Un lavoro lungo un anno

"Prima di lavorare in questa ditta che è di famiglia facevo il restauratore - spiega all'AGI Cantone - ma la mia non è una scelta di ripiego. Io voglio portare in giro nel mondo il messaggio cristiano della Rinascita raccontato dalla natività, e anche una tradizione di cui sono orgoglioso e che ha radici forti nel tempo". "Il mio lavoro per questi allestimenti straordinari nelle dimensioni è lungo tutto l'anno e vi contribuiscono ingegneri amici, perché sviluppare i pesi e i movimenti delle statue per renderle resistenti e stabili anche a possibili raffiche di vento, dato che sono esposte all'aperto, richiede molte valutazioni e molti calcoli", racconta.

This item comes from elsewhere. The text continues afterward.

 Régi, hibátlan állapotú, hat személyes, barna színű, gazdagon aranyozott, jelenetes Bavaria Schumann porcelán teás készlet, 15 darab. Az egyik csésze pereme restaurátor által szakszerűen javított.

Certo, "la pandemia ha assestato una bella mazzata a noi artigiani del presepe, perché l'online non ha compensato le vendite di pastori, che sono legate a un luogo, San Gregorio Armeno, e a una circostanza, l'avvicinarsi di un periodo di speranza. Tuttavia stiamo già lavorando e guardando al Natale che verrà". Antonio Cantone non è nuovo ad allestimenti importanti. Suoi, prima di quello di piazza di Spagna, sono le Natività in piazza San Pietro nel 2013 e nel 2017. Questa commissionata dal gabinetto del sindaco Virginia Raggi è stata sviluppata come progetto già nel 2019, "ma la  richiesta è partita tardi e ho dovuto ripensare con tempi più celeri l'intero lavoro", rivela.

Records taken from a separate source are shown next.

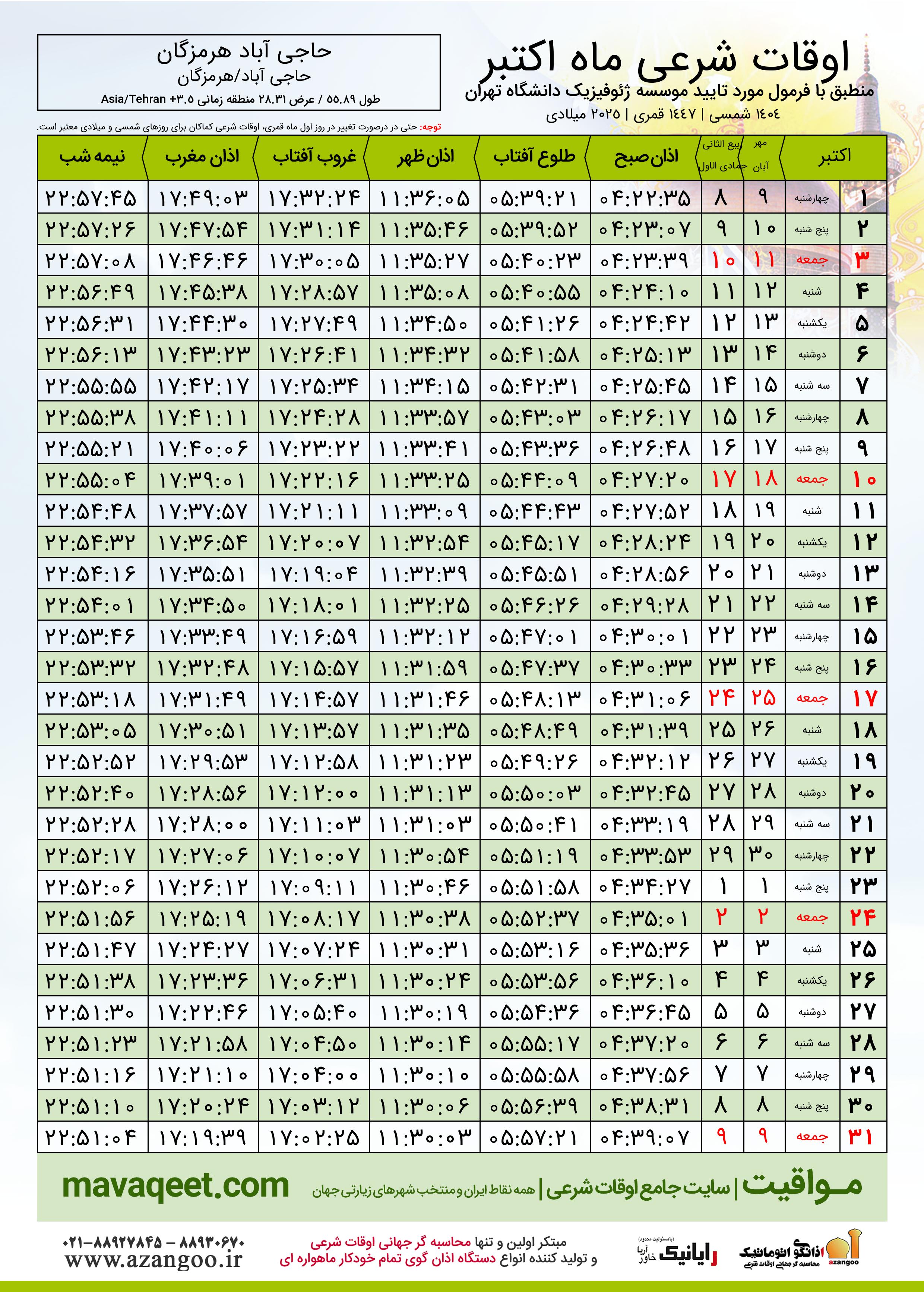 جهت نمایش تصویر جدول اوقات شرعی جدول اوقات شرعی اکتبر ٢٠٢٥ میلادی شهر حاجی آباد هرمزگان شهر حاجی آباد هرمزگان در اندازه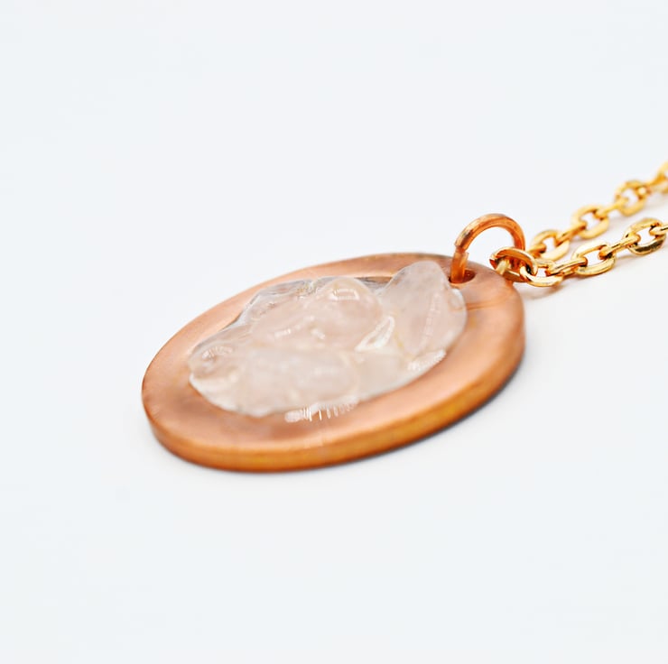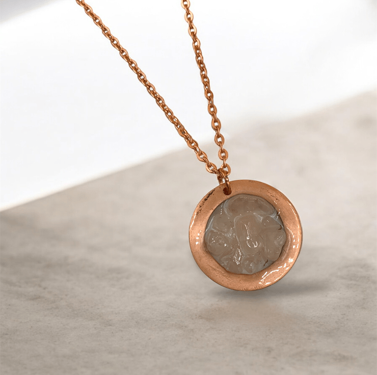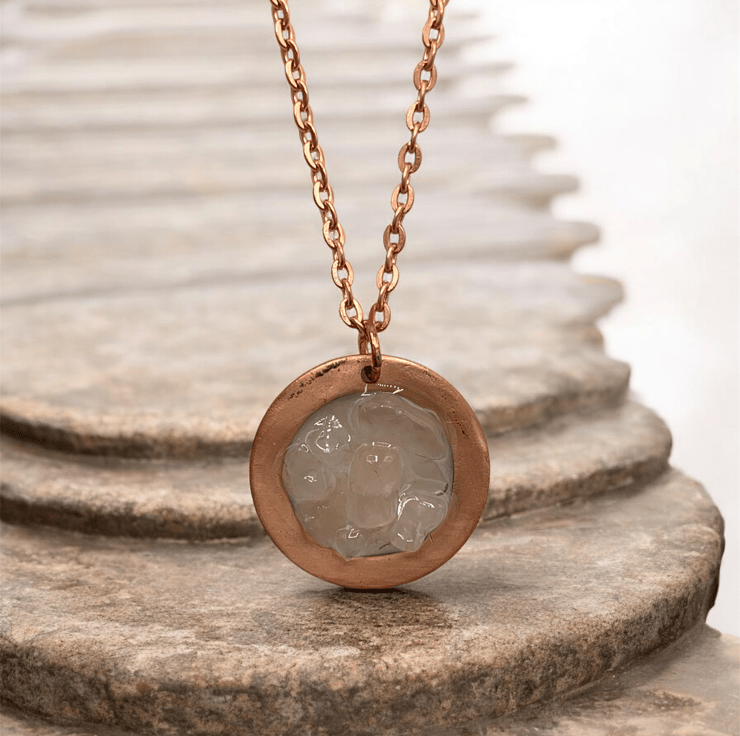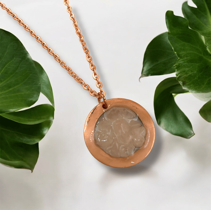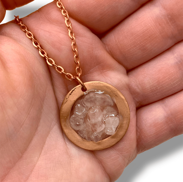Rose Quartz Crystal Pendant - Copper Geode Designed for Heart Chakra Balance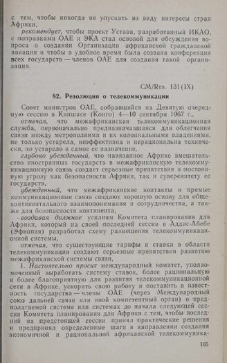 Девятая очередная сессия Совета министров. CM/Res. 131 (IX). Резолюция о телекоммуникации. Киншаса, 4-10 сентября 1967 г.
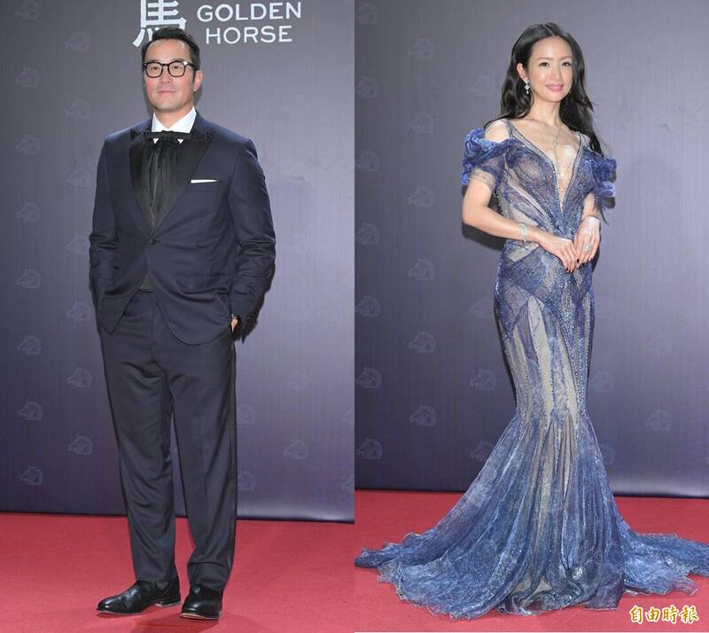 張孝全(左)秀出兒子送給他的幸運物「戰鬥陀螺」;林依晨以一襲紫色魚尾禮服登場。(新聞攝影組攝)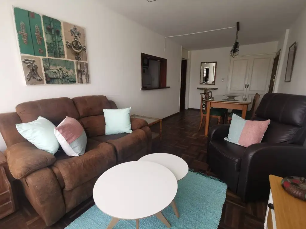 Cocina definida con pasa platos, con muebles sobre y bajo mesada y con terraza lavadero. Baño completo con mampara moderna que completa la distribución práctica del espacio.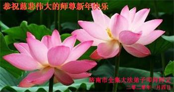 山东省济南市全体大法弟子恭祝慈悲伟大的师尊新年快乐!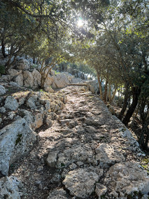 We continued climbing up past the ruins and enjoyed a wonderful Mallorcan brown bread toast with jamón Serrano and cheese and a cold beer from Hosteria del Puig d'Alaró which also offers lodging (they only accept cash). After enjoying our time wandering all around we began our descent and passed several families on our way back down carrying their overnight stuff coming up for the night and since it was New Years Eve we wondered if they would have great views for fireworks!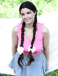 Gorgeous brunette with long braids, adorable tits and juicy pussy strips naked in a hammock

La capanna di 4 metri e la scenografia erano interamente smontabili, ma per le statue, una volta realizzate, non c'è che il trasporto dell'intero pezzo così com'è dal deposito di Villa Pignatelli Monteleone, una delle dimore del '700 lungo il Miglio d'Oro, alla capitale, a bordo di furgoni adeguati al peso e all'altezza della struttura. "Spero che anche questo presepe possa restituire un'idea di bellezza e di speranza al mondo", sospira l'artigiano.